其次,您只需遍历“真实”键,而不是合并提供的那些键,因此您不能使用 for key in
。
第三,如果它在其他地方,你需要合并键移动到映射的顶部。
(为调试目的添加了 level
参数)
def recursive_sort_mappings(s, level=0):
if isinstance(s, list):
for elem in s:
recursive_sort_mappings(elem, level=level+1)
return
if not isinstance(s, dict):
return
merge = getattr(s, merge_attrib, [None])[0]

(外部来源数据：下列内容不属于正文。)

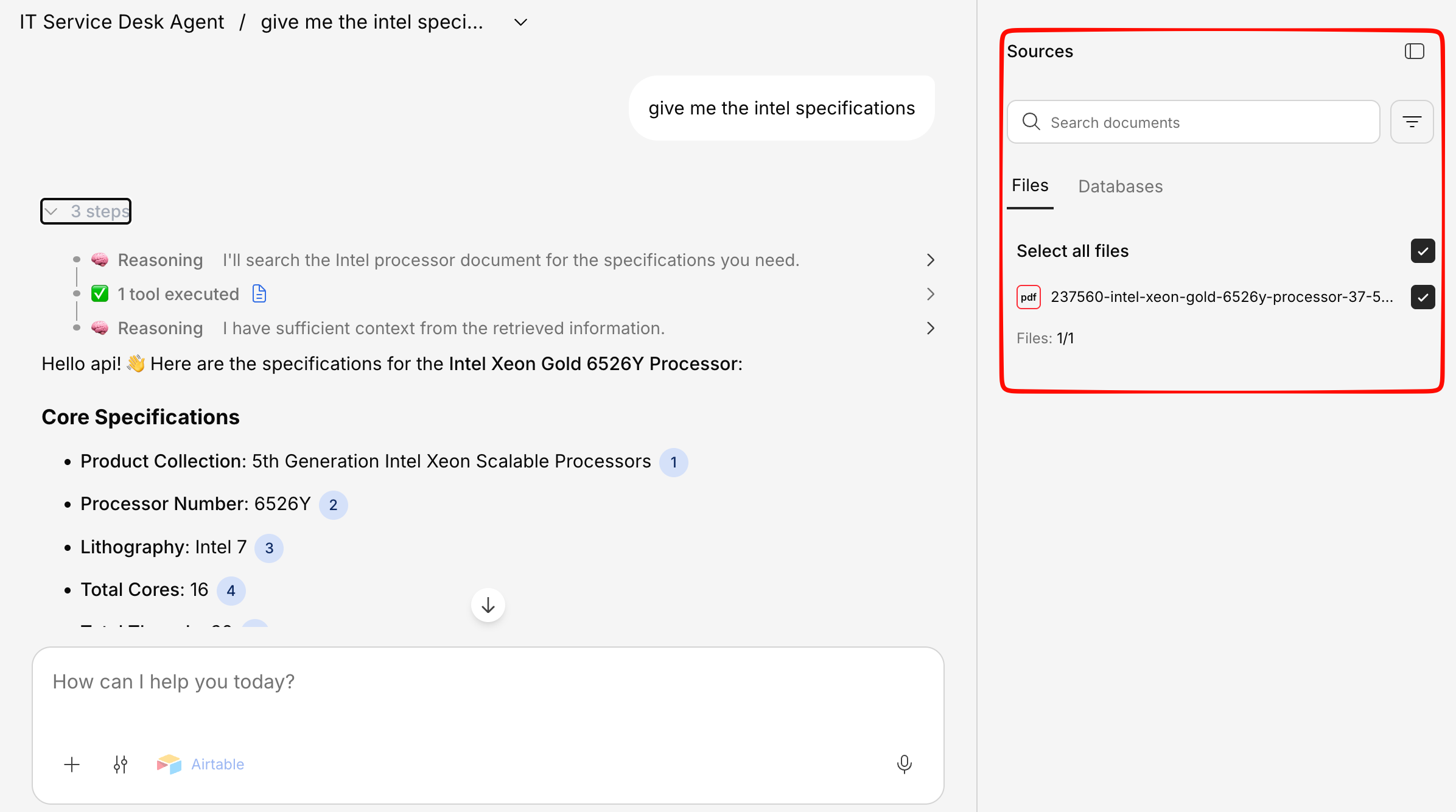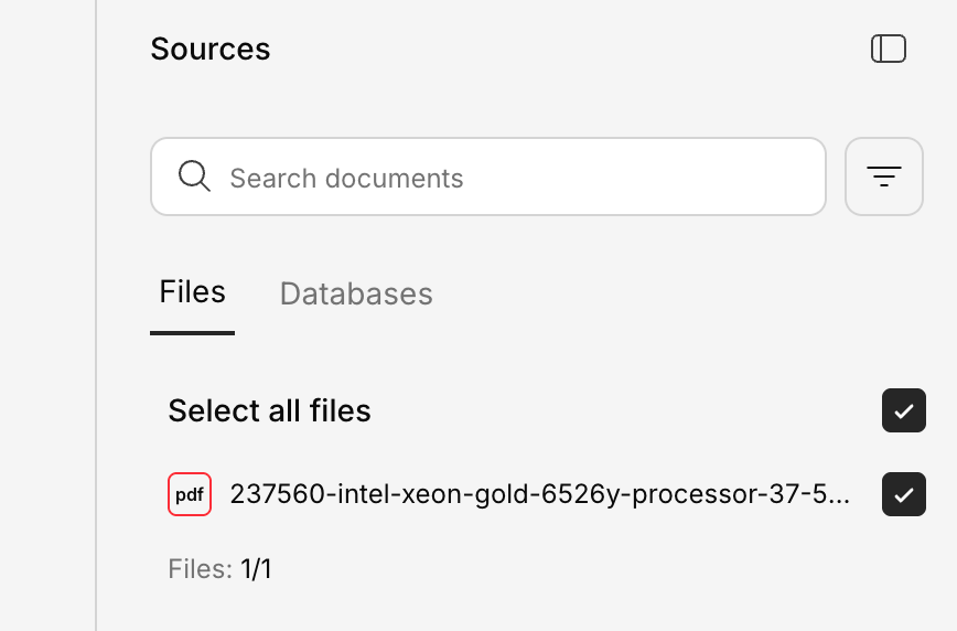 When you’re in a chat, you can open the Knowledge Base panel on the right side of the screen. It shows:- Documents used — Which files contributed to the current answer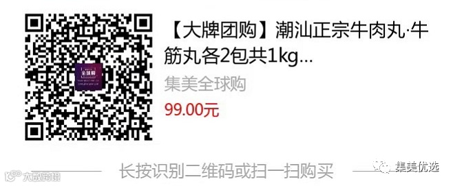 【大牌团购】潮汕正宗牛肉丸·牛筋丸 各2包 共1kg 原价:129元 VIP /黑卡M1会员 福利补贴价:99元 一如“丸”门深似海,吃牛肉丸的最高境界,莫过于整个丢进嘴里,牛肉化身出弹牙的神奇质感,肉汁便在口中爆裂开,牛肉的香气瞬间包围整个口腔。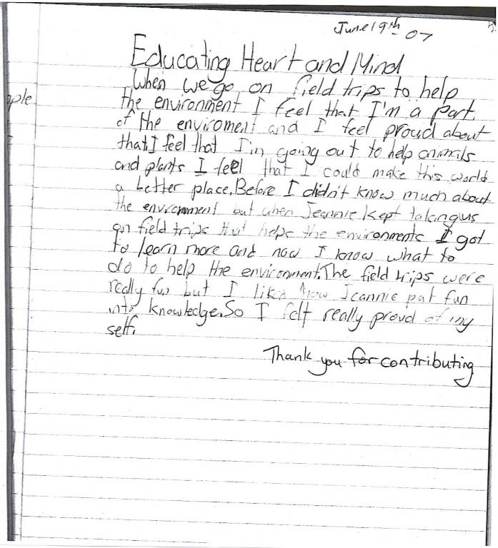 I asked the students to read what I had written about "Heart and Mind" and particularly "Social Responsibility" in these accounts. I asked them to respond honestly as to whether participating in these socially responsible initiatives has had any kind of impact on each of their identities. This is the students' writings completed while I was not in the room. I also asked them not to put names on writing.* click on image to view full size.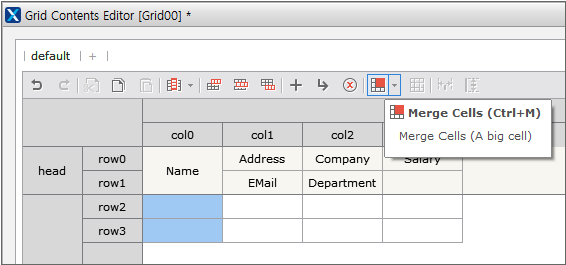 Because of the addition of head row and body row, two rows of Name, Salary Column are created. Combine them into one. Select Cell to merge, and click the Merge Cells
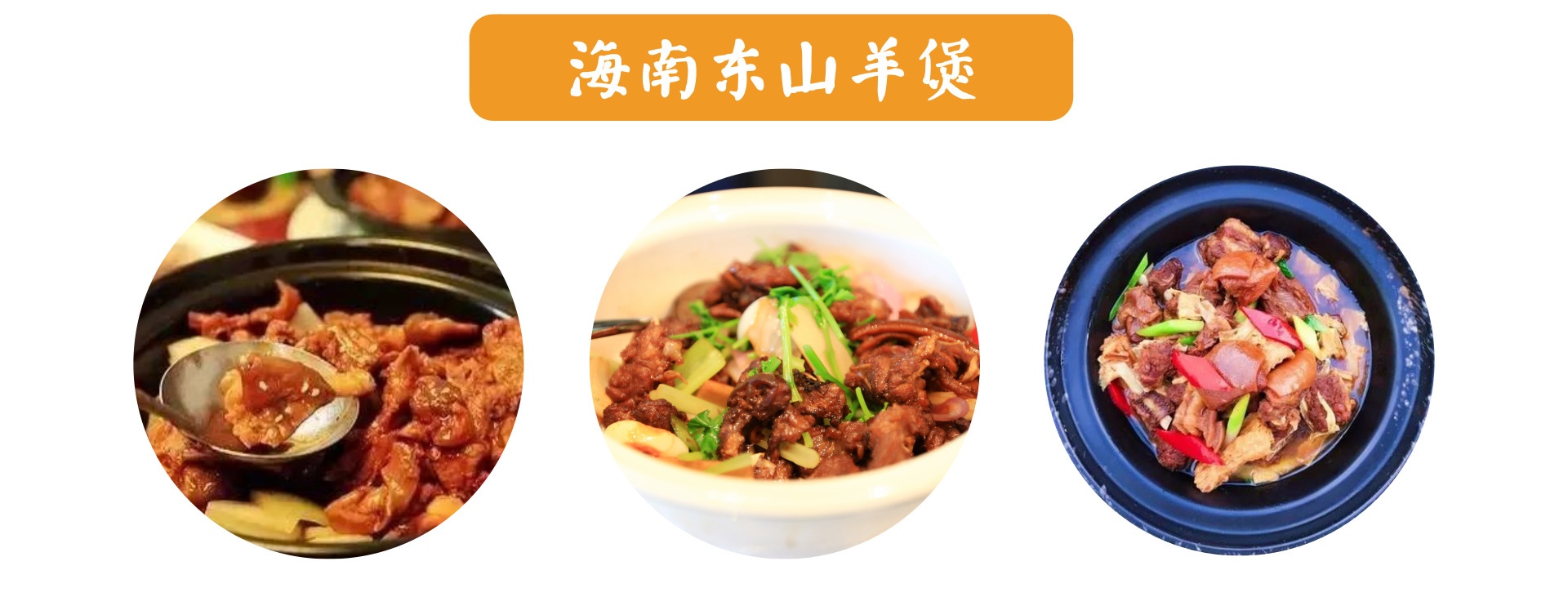 海南東山羊煲,是海南最負盛名的傳統“四大名菜”之一。這道菜用東山羊配以各種香料、味料,經過滾、炸、紋、蒸、扣等多種烹調法精制而成。東山羊是海南省唯一的地方優良山羊品種,受海南熱帶地區自然生態環境的影響,具有耐粗飼、耐高溫高濕、抗病力強、性成熟早、肉用性能好等優點。

if merge is not None and merge[0] != 0: # << not in first position, move it
setattr(s, merge_attrib, [(0, merge[1])])
for key in sorted(s._ok): # _ok -> set of Own Keys, i.e. not merged in keys
value = s[key]
# print('v1', level, key, super(ruamel.yaml.comments.CommentedMap, s).keys())
recursive_sort_mappings(value, level=level+1)
# print('v2', level, key, super(ruamel.yaml.comments.CommentedMap, s).keys())
s.move_to_end(key)
din = yaml.load(yaml_in)
recursive_sort_mappings(din)
assert yaml.diff(din, yaml_out)
然后 diff 不再给出输出。